1974 Moray District Council election

All 18 seats to Moray District Council 10 seats needed for a majority
|  | First party | Second party |
| Party | Independent | SNP |
| Seats won | 17 | 1 |
| Popular vote | 14,292 | 1,360 |
| Percentage | 86.7% | 8.3% |

= 1974 Moray District Council election =

Moray District Council election

Elections to Moray District Council were held on 7 May 1974, on the same day as the other Scottish local government elections. This was the first election to the district council following the implementation of the Local Government (Scotland) Act 1973.

The election used the 18 wards created by the Formation Electoral Arrangements in 1974. Each ward elected one councillor using first-past-the-post voting.

Moray was a non-partisan district. Only a few political party members contested the election and all but one of the 17 seats were won by independents. The remaining seat was won by the Scottish National Party (SNP).

==Background==
Prior to 1974, the area that was to become Moray, was split between two counties – the County of Banff and the County of Moray. Within that were seven of the 11 burghs of the County of Banff (Aberlour, Buckie, Cullen, Dufftown, Findochty, Keith and Portknockie) and five of the six burghs of the County of Moray (Burghead, Elgin, Forres, Lossiemouth and Branderburgh and Rothes). These were all small burghs so the burgh council had limited powers which included some control over planning as well as local taxation, building control, housing, lighting and drainage with the rest of the local government responsibility falling to the county council. Although the County of Moray and the County of Nairn remained as separate entities, they had been combined for most but not all purposes as a result of the Local Government (Scotland) Act 1929 and the Local Government (Scotland) Act 1947.

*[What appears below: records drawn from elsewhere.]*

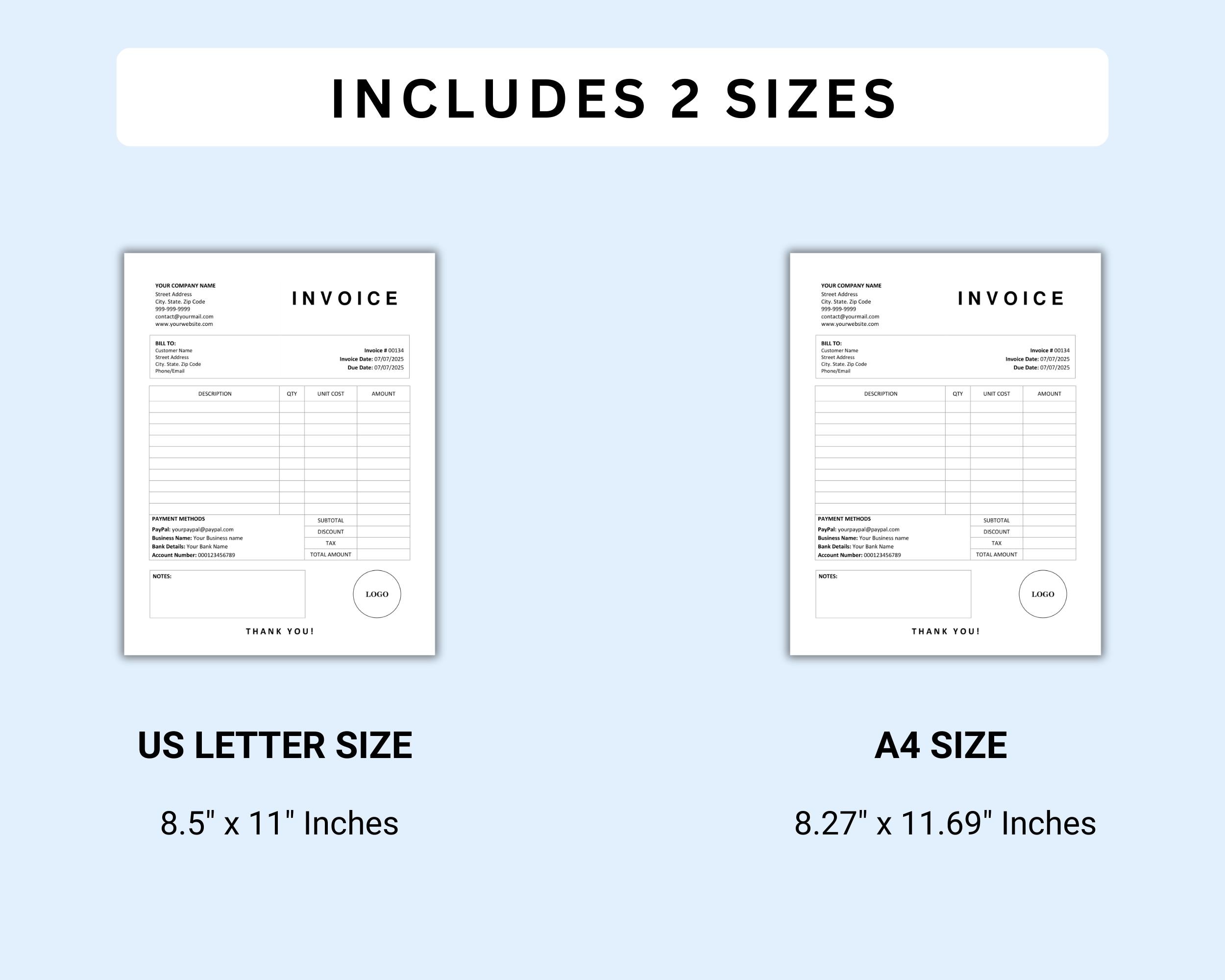 A4 Custom Invoice Template, Invoice Template, Editable Invoice ...
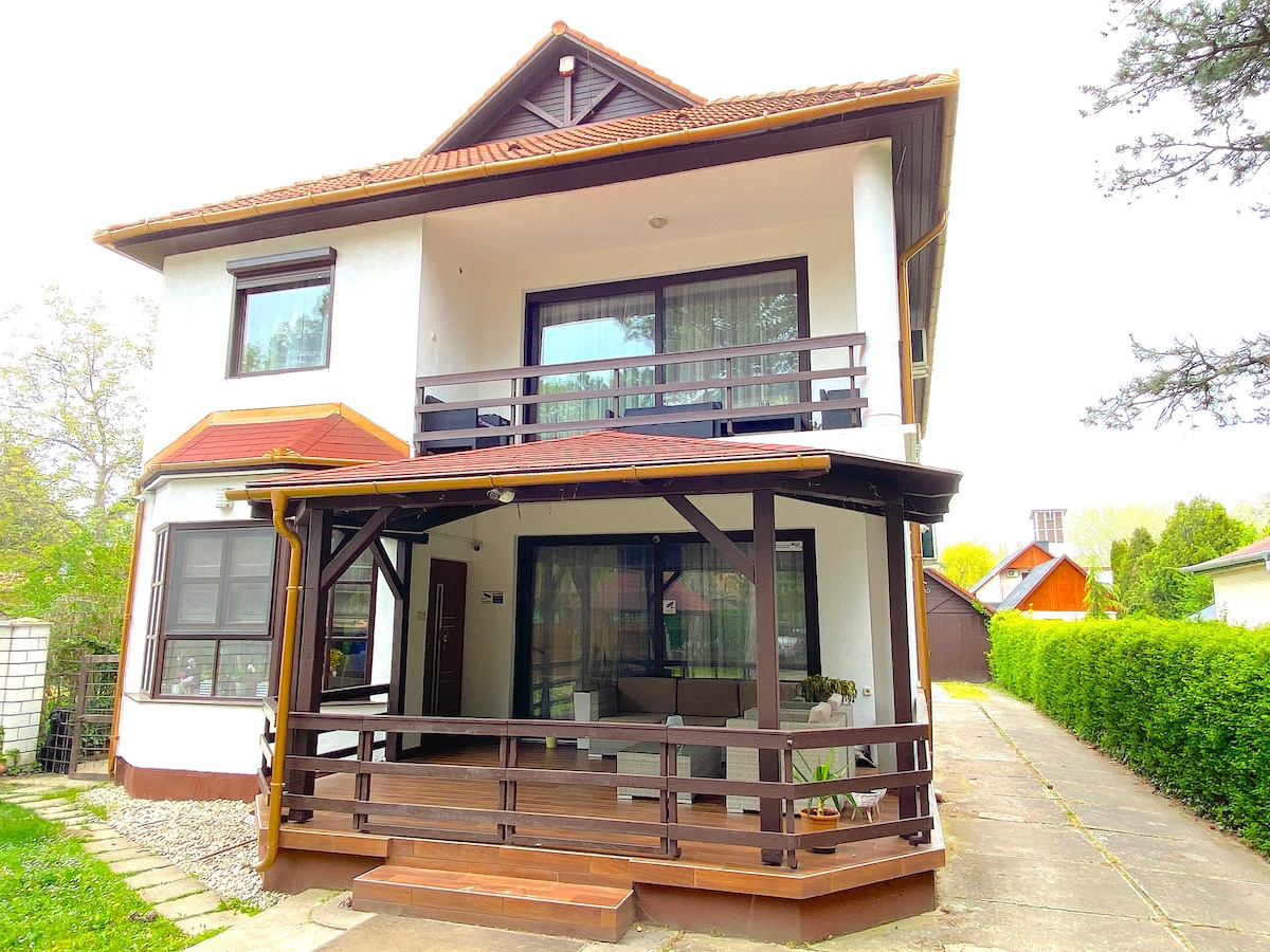 Come and relax in our peaceful and newly remodeled guesthouse. One bedroom with double bed, one bathroom and a small room with a tiny kitchen (full) and a pullout sofa. Washer and drier in the bathroom. Main room has air conditioning. Assigned parking plus additional free street parking. Centrally located, walking distance to shops, restaurants and cafes as well as nature hikes. Bus stop is a 2 min walk, with buses going straight to Budapest. Budapest is about a 10 min ride/drive.
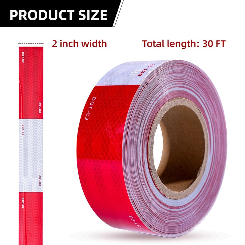 Kwtpsg High Visibility Reflective Tape, Waterproof Red and White Conspicuity Safety Tape for Trailer, Outdoor, Cars, Trucks 2 Inch x 30 Feet
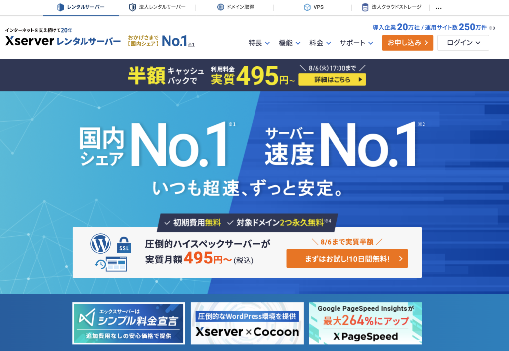 GMOペパボ提供。月額250円からのリーズナブルな料金プランが特徴。WordPress簡単インストール、無料SSL、メール・チャットサポート完備。「とにかく安く始めたい」方向け。
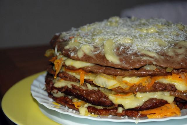 Накроем следующим блинчиком и повторим процедуры смазывания и выкладывания.
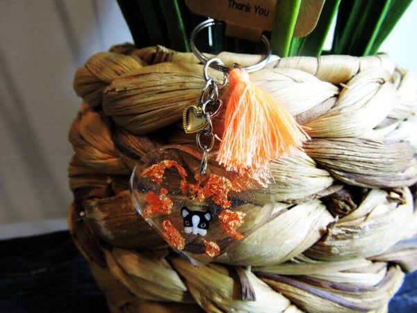 Porte clés en résine fait main en forme de coeur transparent avec incrustation de feuilles d'or et d'une tête de bouledogue +coeur doré + pampille orange
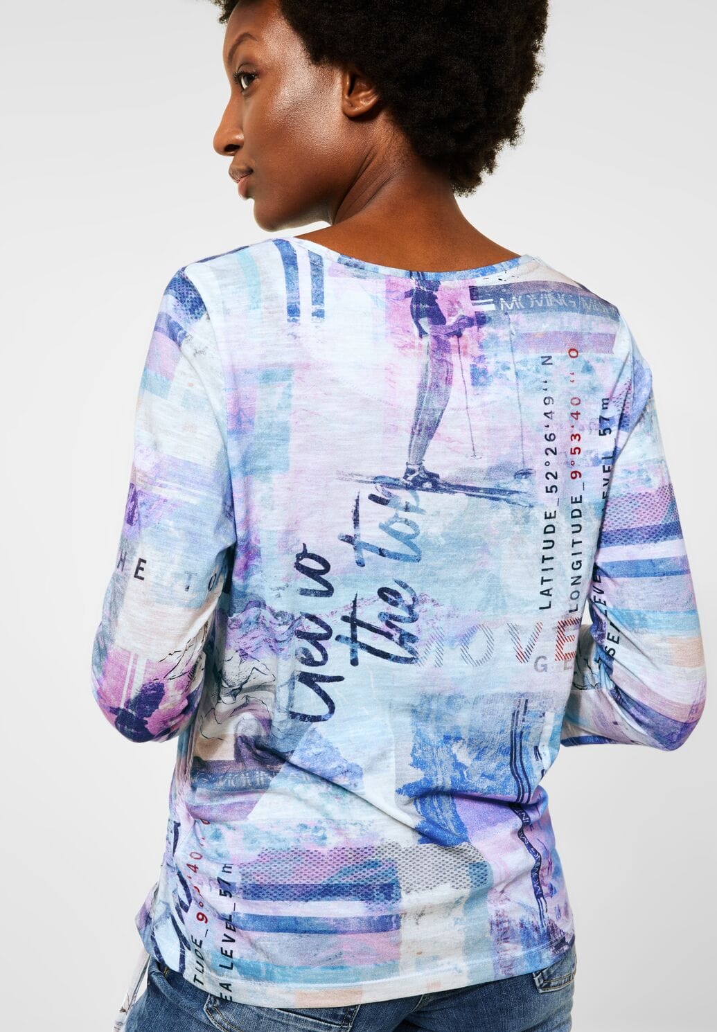 Cecil Tops en Shirts B317041 4063041036601 Shirt van Cecil in een all-over dessin met driekwart, ronde hals en een rimpelkoord in de linker zijnaad. Materiaal: modal 50%| katoen 50% |
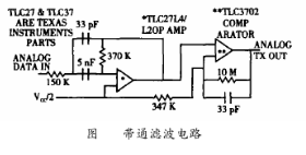HART數(shù)字信號規(guī)范是峰值為1mA、平均值為0mA正弦交流電流信號,此信號經(jīng)線路阻抗轉(zhuǎn)化為正弦交流電壓信號,而HT2012輸入和輸出信號是0~5V的方波信號,因此在HT2012和外部的HART信號之間還需要有濾波電路和整形電路。如圖3所示,由TLC27組成的濾波器是帶通濾波器,用來減少接收信號的噪聲干擾。濾波器還用來消除波形中的尖峰,從而使接收到的信號變得平緩。TLC37組成的數(shù)字方波產(chǎn)生回路把經(jīng)過TLC27濾波后的正弦波轉(zhuǎn)變成相應(yīng)的方波,以便于HT2012接收。
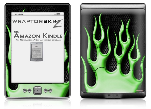 Metal Flames Green - Decal Style Skin (fits 4th Gen Kindle with 6inch display and no keyboard)
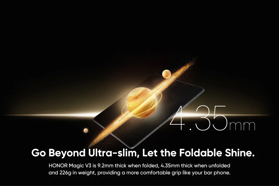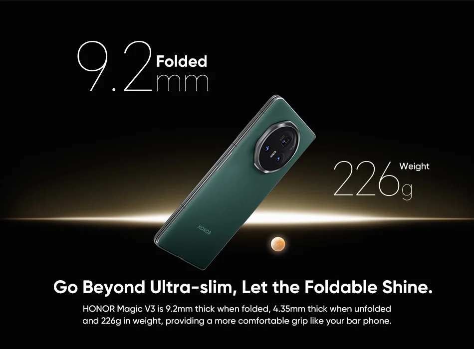 9. Size — Height: 156.6 mm;Width: 74.0 mm(folded),145.3 mm(unfolded); Depth: Black Version: 9.2 mm(folded), 4.35 mm(unfolded), Other Version: 9.3 mm(folded), 4.4 mm(unfolded).
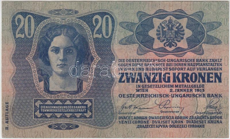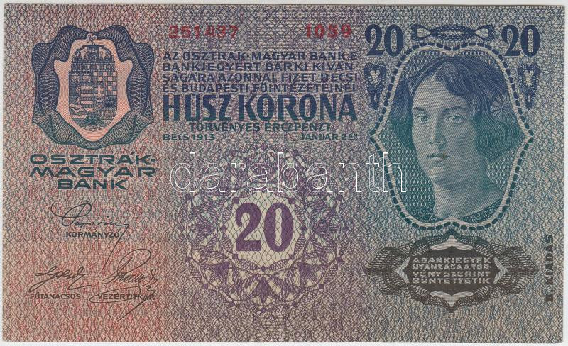 Beschreibung: 1913. 20K II. kiadás felülbélyegzés nélkül T:III
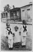 This is a snapshot taken in Ponce, Puerto Rico, in which we appear. It is a snapshot taken of the twins and myself. If I recall well, I must have been about five years old. The boys at that time, for their nice dress, would wear sailor suits. They had the white and the navy blue. |
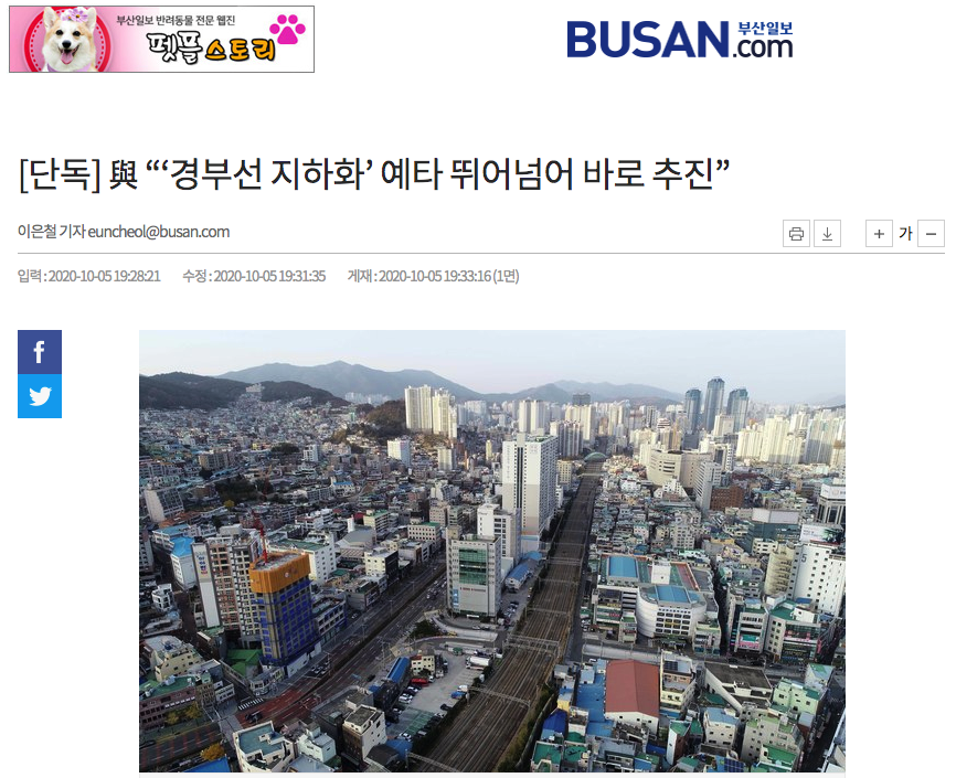 최근 뉴스로는 철도 지하화가 정부 K뉴딜사업으로 지정하여 예타를 넘어 바로 추진하겠다는 기사도 있었습니다.
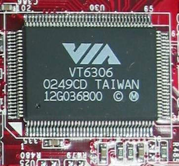 图6是板载的VT6306芯片。通过VIA的这块芯片,实现对IEEE1394接口的支持。可以看到,这块芯片是CD版的。
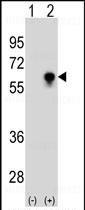 Figure 1: Western blot analysis of CDC25C Antibody (10-6557) with Lane 1: 293 cell lysates (2 μg/lane) either nontransfected or Lane 2: transiently transfected with the CDC25C gene.
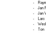 Herman – AnnekeWesley – ArvidSergei – ArieRob – TheoQuinten – EdwinHans – Jan BRaymond – ArjenFlip – LarsJan R – Bastiaan
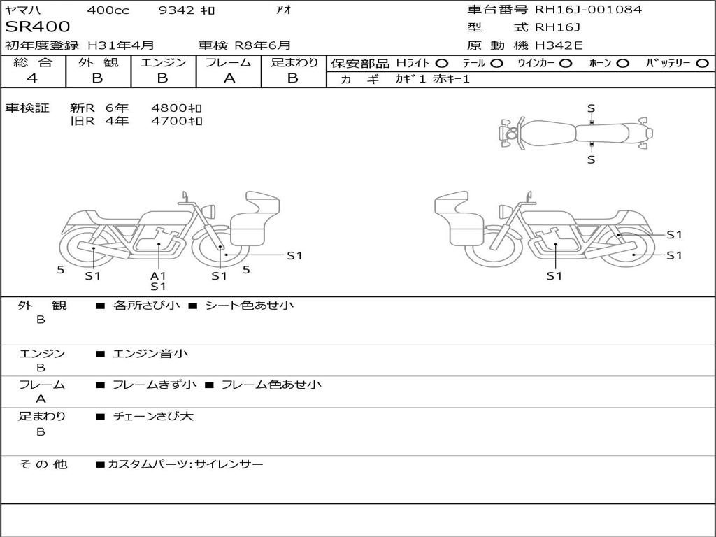 | Номер рамы / VIN | RH16J-001084 |
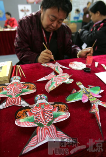 11月18日,民間藝人在北京文博會上現場制作微型風箏。
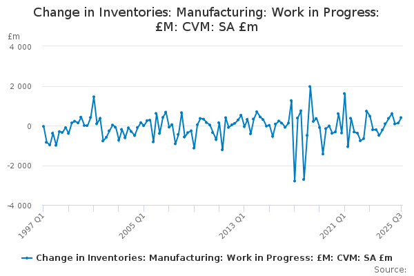Download this time seriesChange in Inventories: Manufacturing: Work in Progress: £M: CVM: SA £m
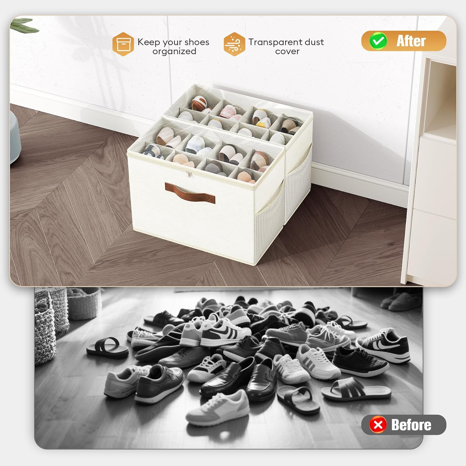 👟ADJUSTABLE DIVIDERS: Customize compartment sizes to accommodate various footwear types or multi-purpose storage needs. Perfect for decluttering shoes, clothing, toys, and other items.
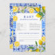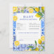 Perfect for lemon-themed baby showers, Italian summer parties, and Mediterranean-inspired events, this baby shower advice and predictions card invites guests to share sweet wishes, parenting tips, and fun baby predictions for the parents-to-be. The blue and white Mediterranean tiles paired with fresh citrus lemons create a stylish, modern yet timeless look that photographs beautifully.
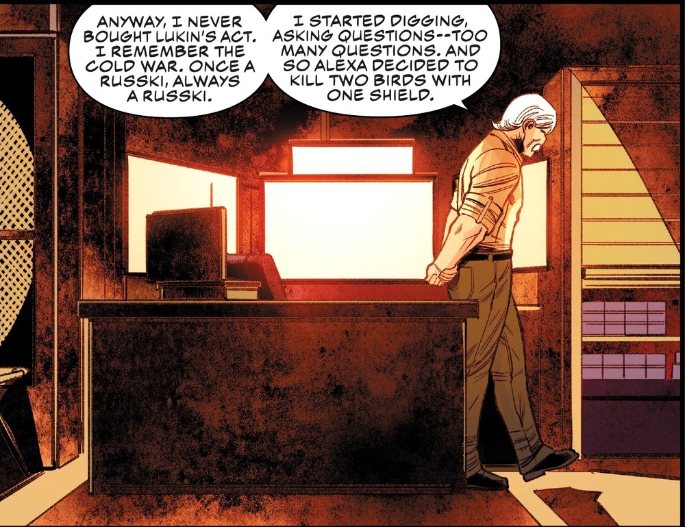 Иронично, что его идол в соседней серии подобной хернёй не страдает. Дошло до старого вояки, что вселенная Марвел включает в себя множество планет с разумной жизнью, магических измерений и многое другое. Очевидно, что в таком мире есть угрозы пострашнее Халка. Например, злые russkie.
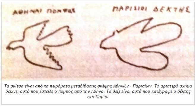 Σκοπός των δύο ομάδων ήταν να κάνουν ένα πείραμα τηλεπάθειας, μεταξύ Παρισίων και Αθήνας. Η Αθήνα έστειλε με τους πομπούς της, δηλαδή με τις σκέψεις των μέντιουμ, διάφορα σχήματα.
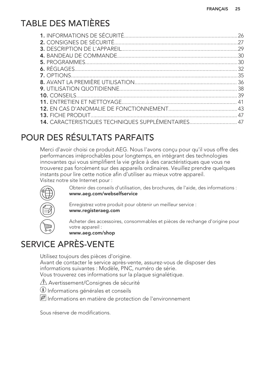 Merci d'avoir choisi ce produit AEG. Nous l'avons conçu pour qu'il vous offre des performances irréprochables pour longtemps, en intégrant des technologies innovantes qui vous simplifient la vie grâce à des caractéristiques que vous ne trouverez pas forcément sur des appareils ordinaires. Veuillez prendre quelques instants pour lire cette notice afin d'utiliser au mieux votre appareil. Visitez notre site Internet pour : Obtenir des conseils d'utilisation, des brochures, de l'aide, des informations : www.aeg.com/webselfservice Enregistrez votre produit pour obtenir un meilleur service : www.registeraeg.com Acheter des accessoires, consommables et pièces de rechange d'origine pour votre appareil : www.aeg.com/shop
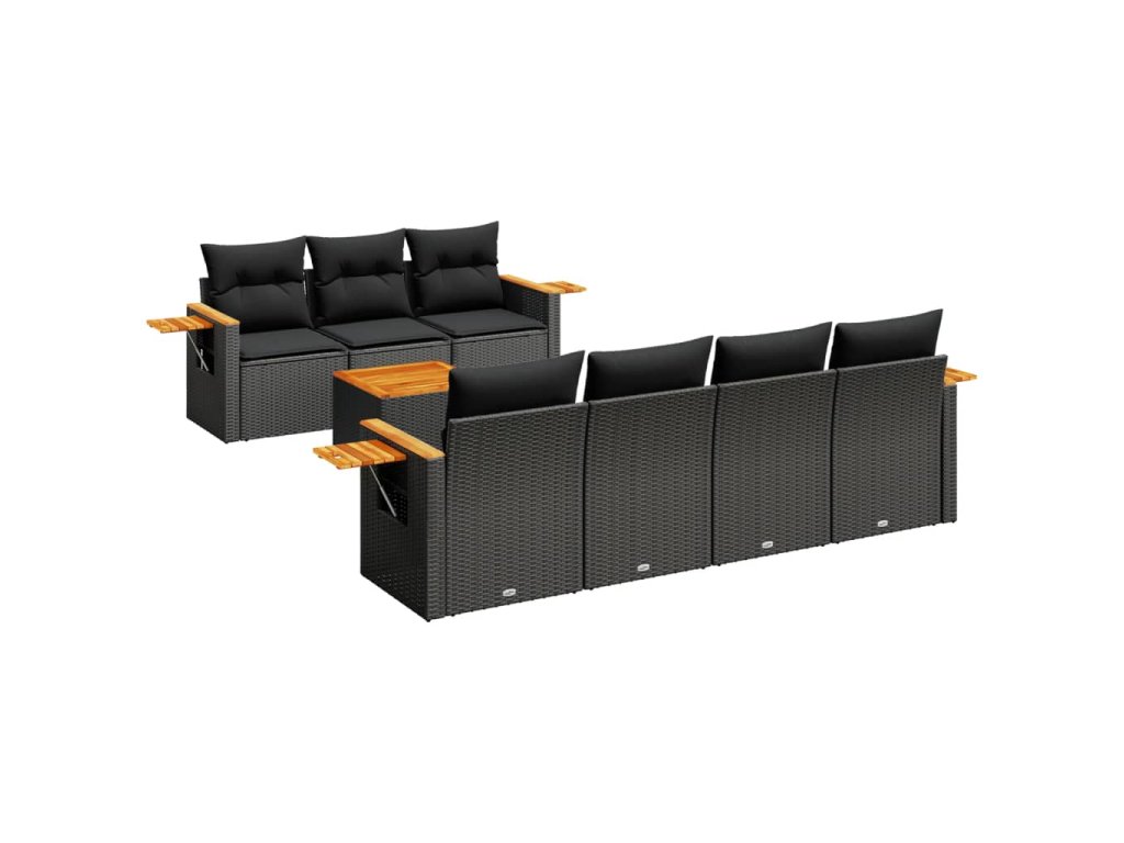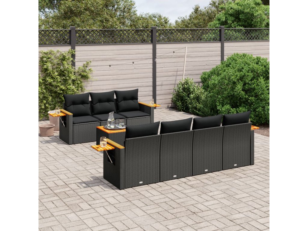 8dílná zahradní sedací souprava s poduškami černá polyratan 3226643
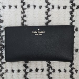 Sleek black leather wallet by Kate Spade. Features elegant design and practical compartments.

Following the recommendations in the Wheatly Report, the old system of counties and burghs – which had resulted in a mishmash of local government areas in which some small burghs had larger populations but far fewer responsibilities than some large burghs and even counties – was to be replaced by a new system of regional and district councils. The Local Government (Scotland) Act 1973 implemented most of the recommendations in the Wheatly Report. The western and southern parts of the County of Banff which included the seven burghs was combined with the northern part of the County of Moray which contained the five burghs and was placed into the Moray district within the Highland region.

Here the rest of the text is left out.